On 6 June 1944, 19-year-old Jock Hutton parachuted into a wheat field in Normandy.

And now, 70 years later, the 89-year-old Second World War veteran is to recreate the jump to mark the anniversary of D-Day.

The Scotsman will take part in a tandem jump with one of the Red Devils during the drop at Ranville – to land in that very same field that he touched down in as a member of the 13th Battalion of the Parachute Regiment, part of the British 6th Airborne Division.

Mr Hutton will be among hundreds of D-Day veterans who are in Normandy for a series of events marking the 70th anniversary of the greatest military invasion in history.

A huge security operation has swung into operation as 17 heads of state, including the Queen, prepare to arrive in northern France.

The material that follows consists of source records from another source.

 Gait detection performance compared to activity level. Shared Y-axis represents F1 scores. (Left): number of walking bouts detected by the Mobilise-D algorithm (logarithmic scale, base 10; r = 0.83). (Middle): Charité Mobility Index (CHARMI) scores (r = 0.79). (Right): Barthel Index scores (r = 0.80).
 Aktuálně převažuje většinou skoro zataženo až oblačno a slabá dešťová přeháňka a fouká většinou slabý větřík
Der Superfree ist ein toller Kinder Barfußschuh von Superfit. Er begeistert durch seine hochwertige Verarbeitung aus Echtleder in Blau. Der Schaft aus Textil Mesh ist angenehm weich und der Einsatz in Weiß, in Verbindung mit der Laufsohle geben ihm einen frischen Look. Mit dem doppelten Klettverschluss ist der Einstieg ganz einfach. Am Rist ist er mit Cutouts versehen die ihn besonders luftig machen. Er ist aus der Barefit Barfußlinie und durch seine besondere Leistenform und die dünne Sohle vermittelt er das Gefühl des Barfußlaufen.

More than 650 ex-servicemen are said to have travelled to commemorate the invasion which changed history.

The commemorative parachute drop by British, American, French and Canadian troops will be witnessed by Prince Charles, the colonel-in-chief of the Parachute Regiment.

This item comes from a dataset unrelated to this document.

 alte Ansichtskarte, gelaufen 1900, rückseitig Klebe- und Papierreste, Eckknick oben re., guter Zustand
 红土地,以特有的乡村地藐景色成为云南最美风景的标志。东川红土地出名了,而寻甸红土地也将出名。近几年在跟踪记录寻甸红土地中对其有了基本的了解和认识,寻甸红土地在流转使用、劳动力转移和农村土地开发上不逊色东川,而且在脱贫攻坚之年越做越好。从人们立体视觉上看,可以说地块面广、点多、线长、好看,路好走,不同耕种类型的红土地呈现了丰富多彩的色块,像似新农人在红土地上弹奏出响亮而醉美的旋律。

But this second jump is set to be a far different experience for Mr Hutton.

“[It] should be cushy,” Mr Hutton told The Telegraph.

“All I have to do is put my feet up.”

On that day in 1944, most of the 13th Battalion landed as planned near the Orne river, where it was their job to seize and destroy bridges to prevent a counter-attack by the Germans.

“We thought we could handle anything – we were all jacked up,” Mr Hutton told The Telegraph.

“I must say that I felt in command of the situation. On landing, I thought, ‘This is great’. The battalion CO had a good idea and took his hunting horn with him to signal where we should gather. You could hear it above the sound of the battle.”

Mr Hutton was wounded by shrapnel to the stomach two and a half weeks later and evacuated to a hospital near Stoke - that piece of metal still remains in his body decades later.

“To this day I can still feel it,” he said.

“It comes to the surface and then goes away. I’ve had it for 70 years. My wee friend!”

Mr Hutton is now a grandfather, but his friends are dead so he will be “on my own” at this year's D Day memorial.

“But I’m happy,” he said. “I’ve been lucky. I’ve had a different life.”